Basem Ahmed


AraBEM at WANLP 2022 Shared Task: Propaganda Detection in Arabic Tweets
Eshrag Ali Refaee | Basem Ahmed | Motaz Saad
Proceedings of the The Seventh Arabic Natural Language Processing Workshop (WANLP)

Propaganda is information or ideas that an organized group or government spreads to influence peopleś opinions, especially by not giving all the facts or secretly emphasizing only one way of looking at the points. The ability to automatically detect propaganda-related linguistic signs is a challenging task that researchers in the NLP community have recently started to address. This paper presents the participation of our team AraBEM in the propaganda detection shared task on Arabic tweets. Our system utilized a pre-trained BERT model to perform multi-class binary classification. It attained the best score at 0.602 micro-f1, ranking third on subtask-1, which identifies the propaganda techniques as a multilabel classification problem with a baseline of 0.079.
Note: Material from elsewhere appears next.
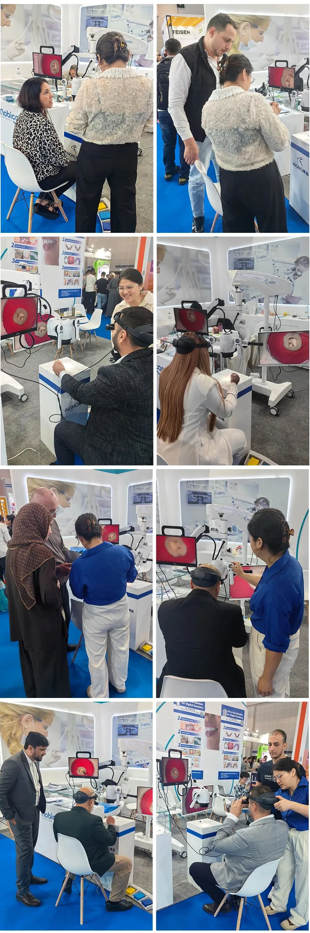 展会期间,鹰目医疗展位始终客流涌动、备受瞩目,数字裸眼显微镜凭借差异化技术优势成为全场焦点,吸引了阿联酋、沙特、卡塔尔等国的医院医生、牙科诊所院长、资深采购商及行业专家驻足咨询、实操体验,现场互动热度持续攀升。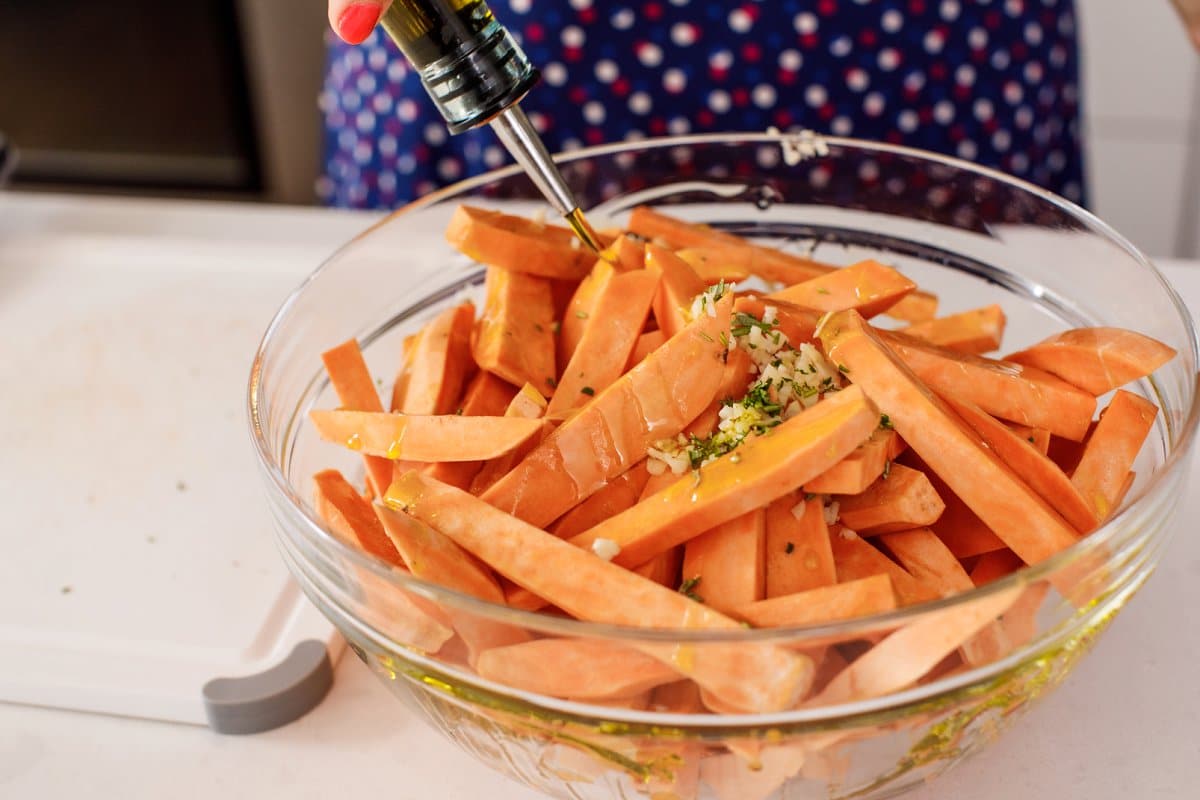 2. In a large bowl, toss together all ingredients until sweet potatoes are evenly coated with oil and spices.

QQATeam at Qur’an QA 2022: Fine-Tunning Arabic QA Models for Qur’an QA Task
Basem Ahmed | Motaz Saad | Eshrag A. Refaee
Proceedinsg of the 5th Workshop on Open-Source Arabic Corpora and Processing Tools with Shared Tasks on Qur'an QA and Fine-Grained Hate Speech Detection

The problem of auto-extraction of reliable answers from a reference text like a constitution or holy book is a real challenge for the natural languages research community. Qurán is the holy book of Islam and the primary source of legislation for millions of Muslims around the world, which can trigger the curiosity of non-Muslims to find answers about various topics from the Qurán. Previous work on Question Answering (Q&A) from Qurán is scarce and lacks the benchmark of previously developed systems on a testbed to allow meaningful comparison and identify developments and challenges. This work presents an empirical investigation of our participation in the Qurán QA shared task (2022) that utilizes a benchmark dataset of 1,093 tuples of question-Qurán passage pairs. The dataset comprises Qurán verses, questions and several ranked possible answers. This paper describes the approach we follow with our participation in the shared task and summarises our main findings. Our system attained the best score at 0.63 pRR and 0.59 F1 on the development set and 0.56 pRR and 0.51 F1 on the test set. The best results of the Exact Match (EM) score at 0.34 indicate the difficulty of the task and the need for more future work to tackle this challenging task.